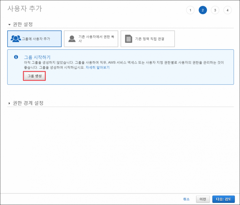 5. 권한 설정에서 그룹을 생성할 수 있습니다. 그룹에 권한을 설정하고 유저를 추가하면, 일괄적으로 관리할 수 있어 편리합니다. 유저에게서 권한을 제거하고 싶을 때는 그룹에서 사용자를 제거하면 됩니다. [그룹 생성]을 클릭합니다.
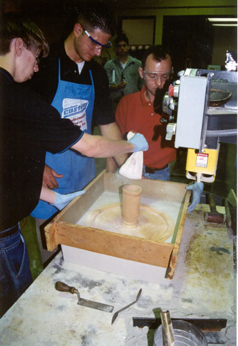 ![]() 14. Jamey Fenske (STEP), Matt Jacobs (AFS), Bogdan Perkowski (AFS) -- Matt and Bogdan are training Jamey on how to add the parting powder to the flywheel mold. |
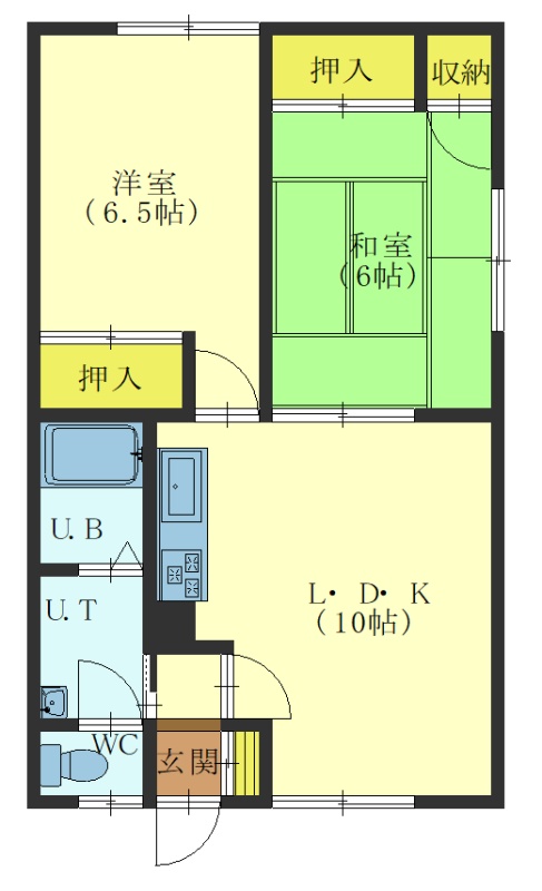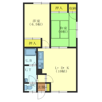 2LDK(49.6m²)└ LDK10帖 洋室6.5帖 和室6帖
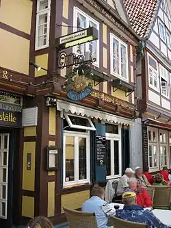 - Schweine-Schulze, Neue Straße 36 (approx 100 m from the Rathause, (with your back to the Rathaus, Neue Straße is straight ahead)), ☏ +49 5141 22944. Serving traditional German food, the restaurant dates back to 1820, the food is very good and cooked to order, the dishes are not small. Very good value. Be careful with the price. What the restaurant charges is more than the price on menu.
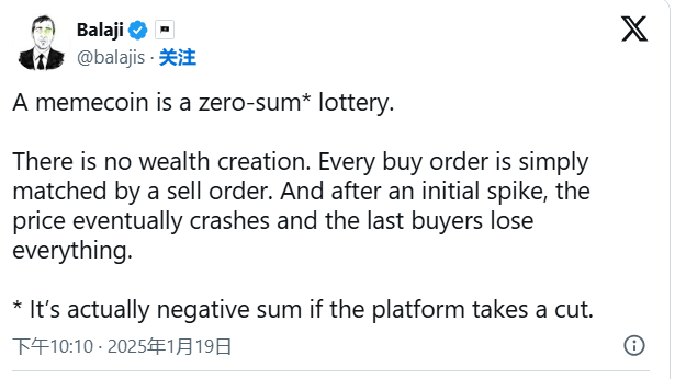 在X上的一篇帖子中,天使投资人、美国加密货币交易所Coinbase Global前首席技术官巴拉吉·斯里尼瓦桑表示,meme加密货币本质上是一种零和“彩票”,其“价格最终会崩溃,最后的非理性买家会失去一切”。
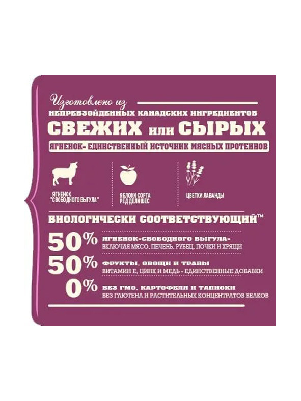 Корм ACANA Grass - Fed Lamb с одним источником белка на 50% состоит из мяса новозеландского ягненка, которое доставляется на фабрику сырым и используется в соотношении WholePrey («добыча целиком»). Включенная в состав сублимированная печень привлечет даже привередливых питомцев. А клетчатка, содержащаяся в свежих яблоках, мускатной и столовой тыквах, наладит чувствительное пищеварение.
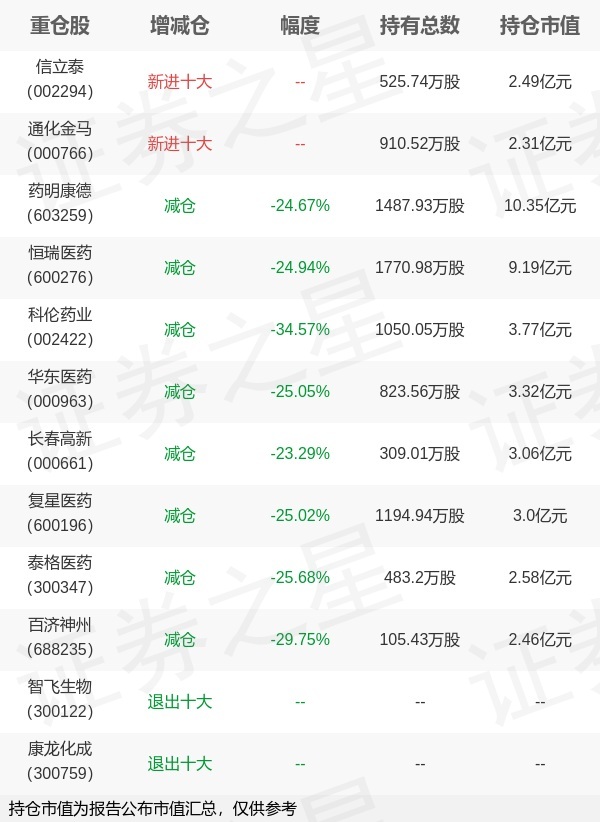 本站消息金砖财富,7月18日银华基金旗下马君 王帅管理的银华中证创新药产业交易型开放式指数基金公布中报,近1年净值增长率38.3%。与上一季度相比,该基金前十大重仓股新增信立泰,通化金马;其中药明康德持仓占比10.92%,为该基金第一大重仓股;智飞生物,康龙化成等退出前十大重仓股;详细数据如下:
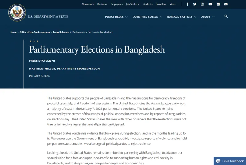 সোমবার যুক্তরাষ্ট্রের স্টেট ডিপার্টেমন্টের মুখপাত্র ম্যাথিউ মিলারের কার্যালয় থেকে ইস্যু করা বিবৃতির শিরোনাম ছিল ‘পার্লামেন্টারি ইলেকশনস ইন বাংলাদেশে’। প্রায় একই বক্তব্য নিয়ে মি. মিলার সামাজিক মাধ্যম এক্সেও (সাবেক টুইটার) একটি পোষ্ট দিয়েছেন।
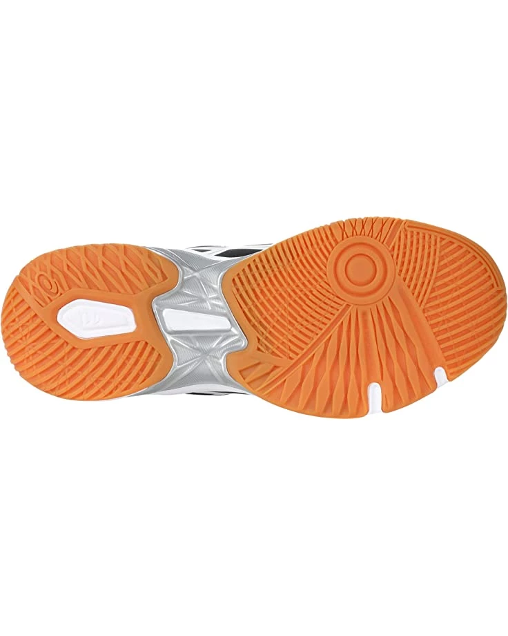 - Rubber and gum rubber outsole containing more natural rubber content than traditional solid rubber for enhanced traction on court systems.
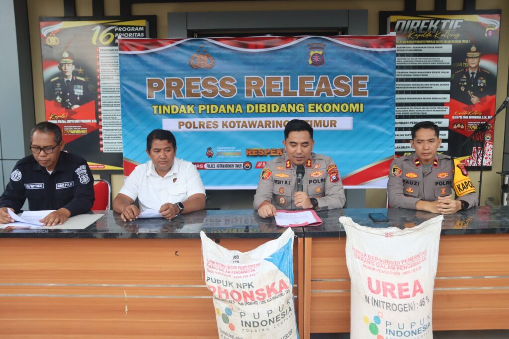 Sampit – Polres Kotawaringin Timur (Kotim) menggelar kegiatan press release terkait pengungkapan kasus Tindak Pidana Ekonomi/ Penyalah Gunaan pupuk Bersubsidi yang terjadi di wilayah hukum Polsek Jaya Karya Samuda, Press release ini dipimpin langsung oleh Kapolres Kotim AKBP Resky Maulana Zulkarnain, S.H.,S.l.K.,M.H. didampingi Kasat Reskrim AKP Sugiharso.S.H.,M.H. serta Kapolsek Jaya Karya IPDA Fauzi Alamsyah S.H.dan Kasi Humas AKP Edy Wiyoko, S.E., pada hari Kamis siang di aula loby Polres Kotim (30/04/2026)
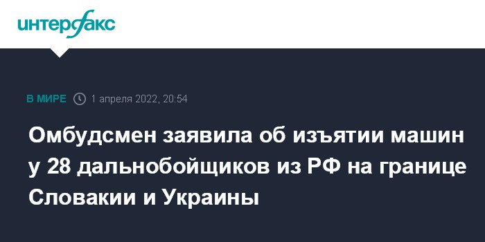 Москва. 1 апреля. INTERFAX.RU - У 28 российских дальнобойщиков на границе между Словакией и Украиной конфисковали грузовики и документы, сообщила в пятницу пресс-служба уполномоченного по правам человека в РФ Татьяны Москальковой.
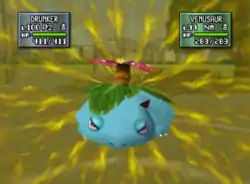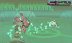 Vileplume releases a beam of energy from the hole on the flower on its head at the opponent. When the beam of energy hits the opponent, it drains its energy. | ||
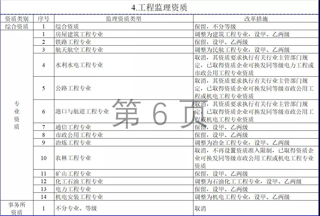 4.工程监理资质。保留综合资质;取消专业资质中的水利水电工程、公路工程、港口与航道工程、农林工程资质,保留其余10类专业资质;取消事务所资质。综合资质不分等级,专业资质等级压减为甲、乙两级。
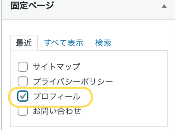 プロフィールを表示させる箇所が選択肢で出てきました。
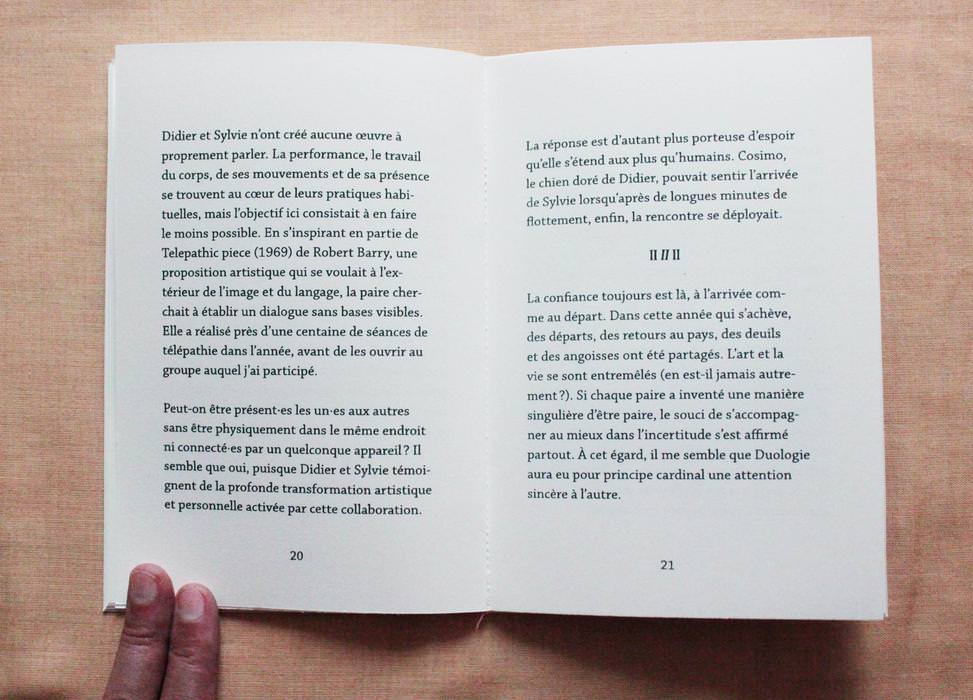 La confiance toujours est là, à l’arrivée comme au départ. Dans cette année qui s’achève, des départs, des retours au pays, des deuils et des angoisses ont été partagés. L’art et la vie se sont entremêlés (en est-il jamais autrement ?). Si chaque paire a inventé une manière singulière d’être paire, le souci de s’accompagner au mieux dans l’incertitude s’est affirmé partout. À cet égard, il me semble que Duologie aura eu pour principe cardinal une attention sincère à l’autre.
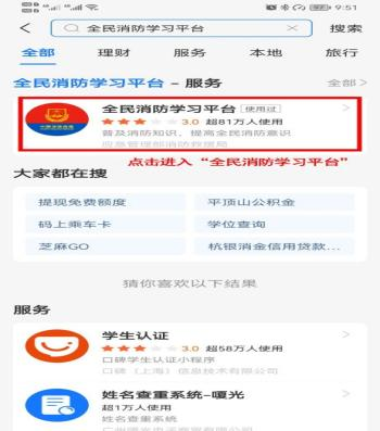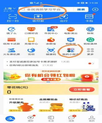 第一步:进入支付宝页面搜索“全民消防学习平台”小程序
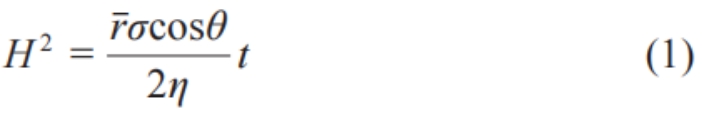正负极极片和隔膜都是多孔结构,可以等效为具有不同孔隙的毛细管结构。而电解液在多孔正极、负极以及隔膜内的浸润过程,可以理解为毛细管吸收效应。Lucas -Washburn渗透模型用来描述极片吸液动力学,如公式(1)所示。
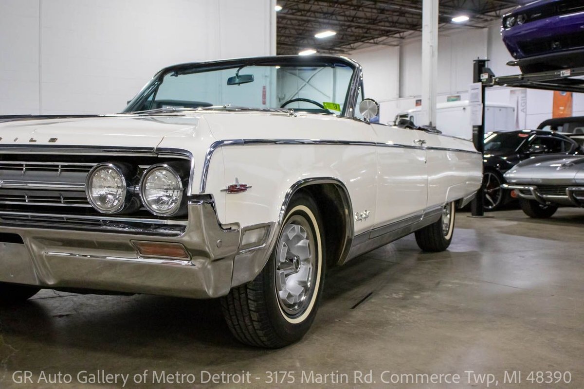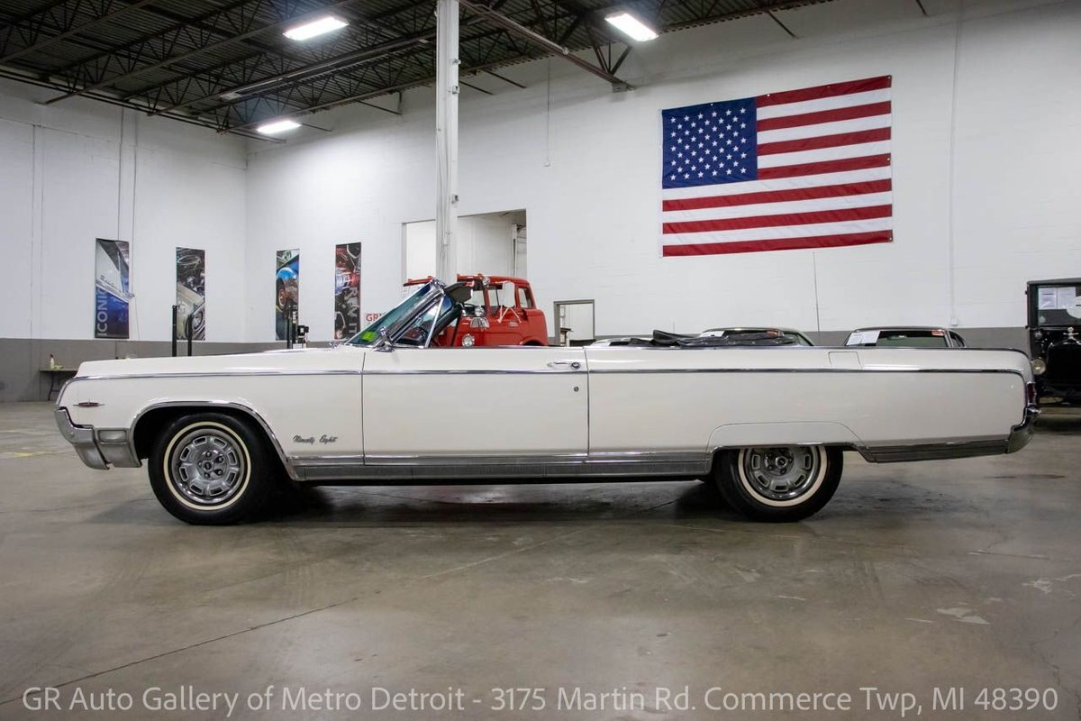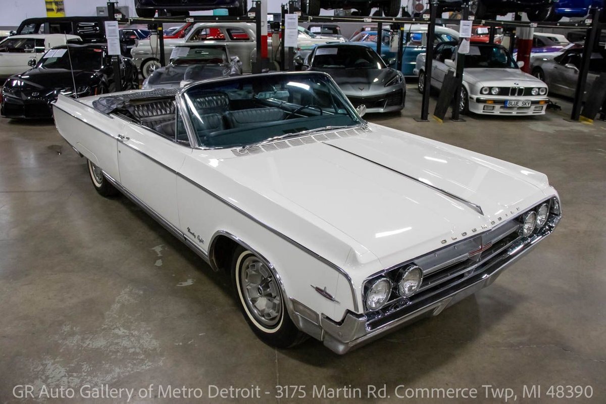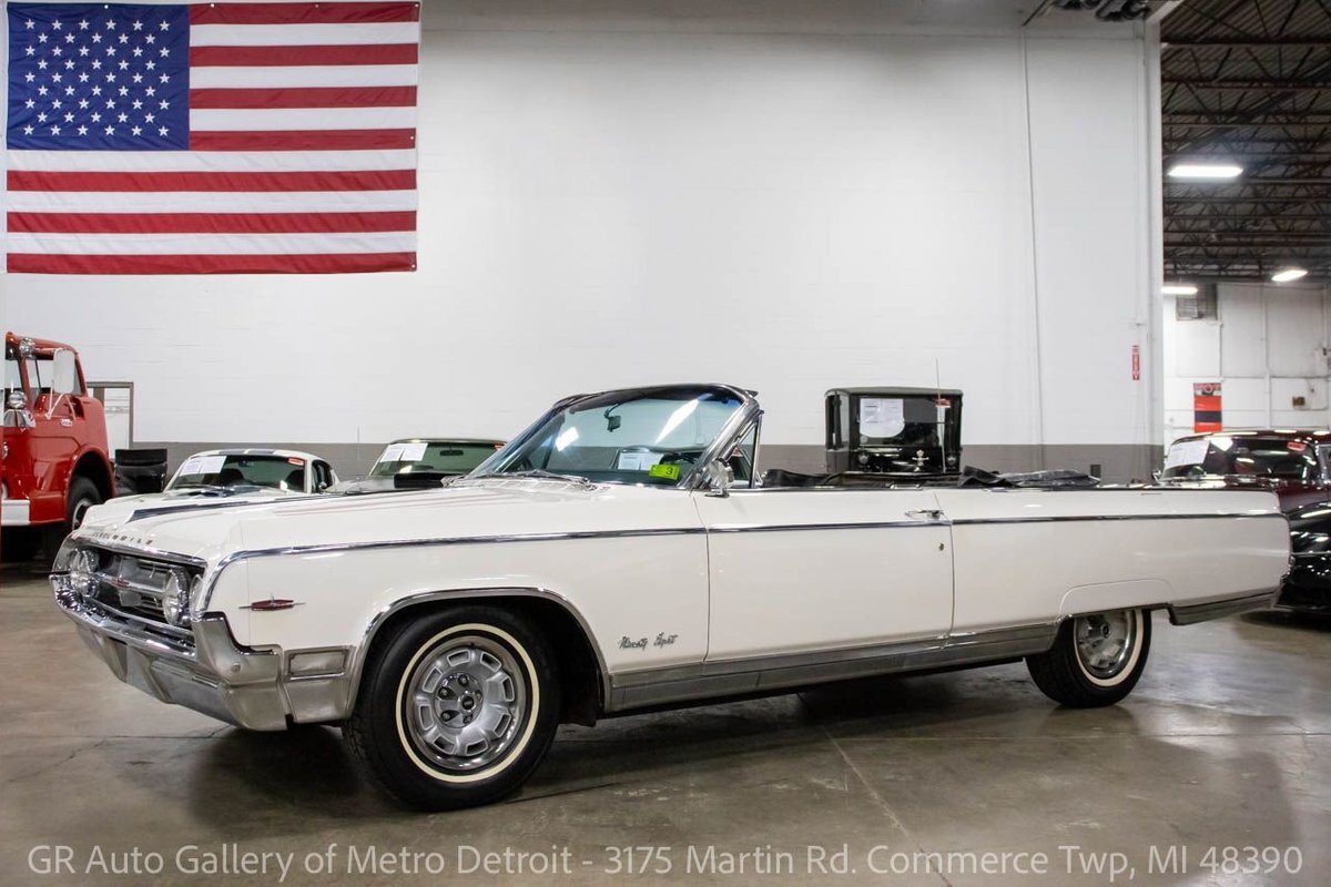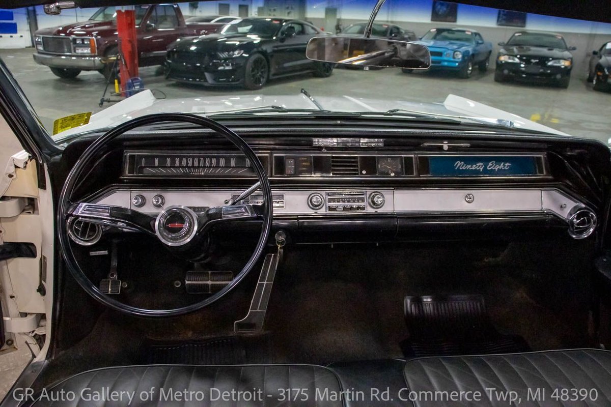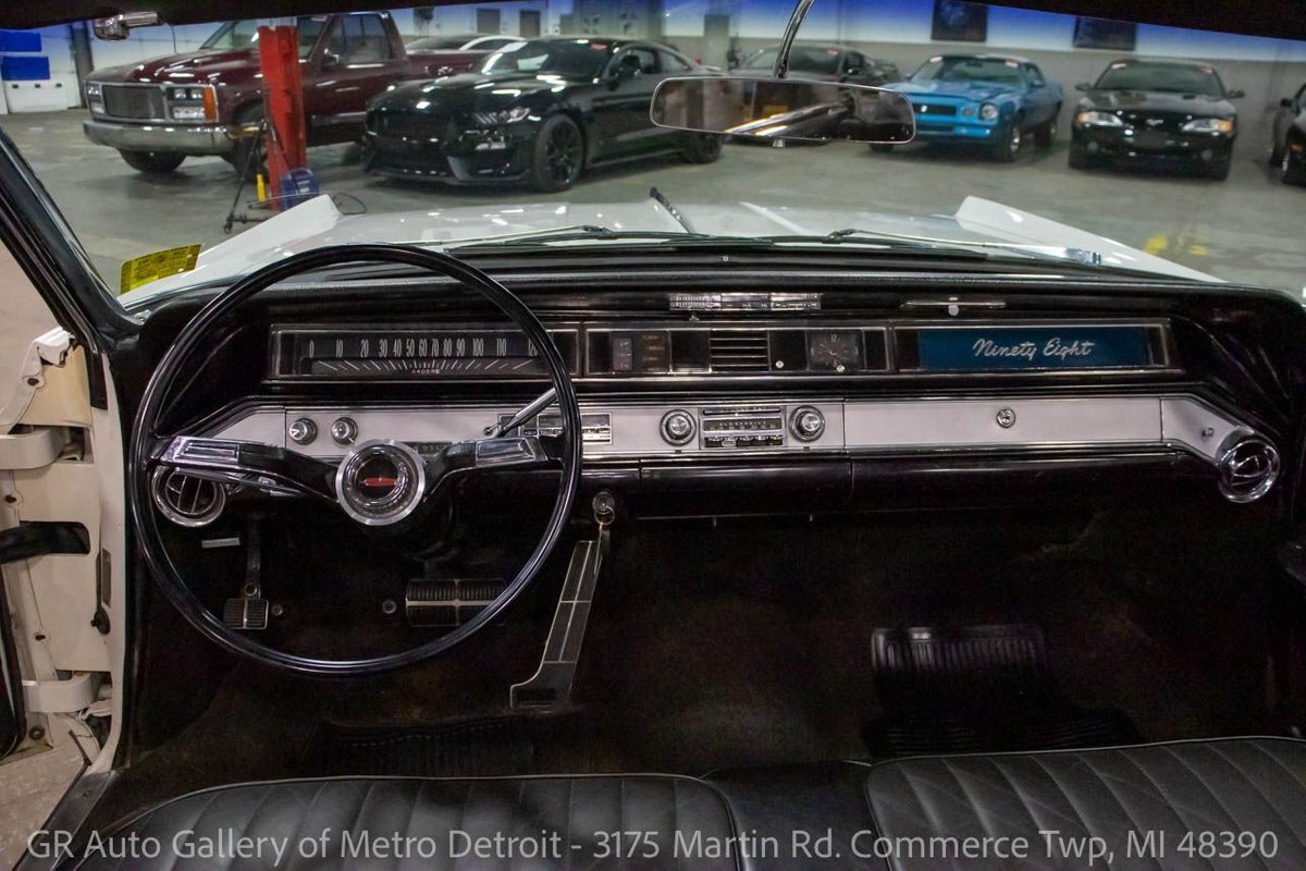 GR Auto Gallery is pleased to present this stunning 1964 Oldsmobile Ninety-Eight Convertible for your consideration. This Olds came to us from a local seller who inherited the vehicle from her father, who had purchased it from the 1st/original owner down in Florida. The vehicle spent almost the entirety of its life down in Florida until it was just recently brought up to us here in Michigan. This 98 is suiting a very clean white exterior with a black top over a black interior. It is powered by a 394ci V8 (4bbl) engine and paired with an automatic transmission. A ton of recent service has been done on this vehicle including; a full tune-up, new carburetor, fuel pump, power antenna, ignition, and power seat motors - the braking system was entirely gone through, the seats have been reconditioned, hydraulic cylinders for the convertible top replaced, and more. This turn-key Olds 98 is ready to be driven out of our facility, or shipped right to your home. Don't hesitate to contact us with any questions or interest.
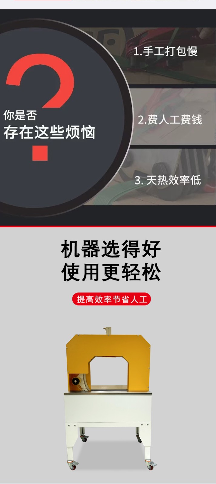 - 適用場(chǎng)景:適用于中等規(guī)模的生產(chǎn)企業(yè),在一些生產(chǎn)環(huán)節(jié)中,物體的放置和取下仍需要人工操作,但膠帶的供給和切斷等過(guò)程由設(shè)備自動(dòng)完成,能夠在一定程度上提高包裝效率,同時(shí)保持一定的靈活性。
==========
### [Task to carry out]
Output should consist of the lines above from the one with "Москва. 1 апреля." down to the one with "正负极极片和隔膜都是多孔结构", exact and without pictures.

### [Solution to this task]
 Москва. 1 апреля. INTERFAX.RU - У 28 российских дальнобойщиков на границе между Словакией и Украиной конфисковали грузовики и документы, сообщила в пятницу пресс-служба уполномоченного по правам человека в РФ Татьяны Москальковой.
 Vileplume releases a beam of energy from the hole on the flower on its head at the opponent. When the beam of energy hits the opponent, it drains its energy. | ||
 4.工程监理资质。保留综合资质;取消专业资质中的水利水电工程、公路工程、港口与航道工程、农林工程资质,保留其余10类专业资质;取消事务所资质。综合资质不分等级,专业资质等级压减为甲、乙两级。
 プロフィールを表示させる箇所が選択肢で出てきました。
 La confiance toujours est là, à l’arrivée comme au départ. Dans cette année qui s’achève, des départs, des retours au pays, des deuils et des angoisses ont été partagés. L’art et la vie se sont entremêlés (en est-il jamais autrement ?). Si chaque paire a inventé une manière singulière d’être paire, le souci de s’accompagner au mieux dans l’incertitude s’est affirmé partout. À cet égard, il me semble que Duologie aura eu pour principe cardinal une attention sincère à l’autre.
 第一步:进入支付宝页面搜索“全民消防学习平台”小程序
正负极极片和隔膜都是多孔结构,可以等效为具有不同孔隙的毛细管结构。而电解液在多孔正极、负极以及隔膜内的浸润过程,可以理解为毛细管吸收效应。Lucas -Washburn渗透模型用来描述极片吸液动力学,如公式(1)所示。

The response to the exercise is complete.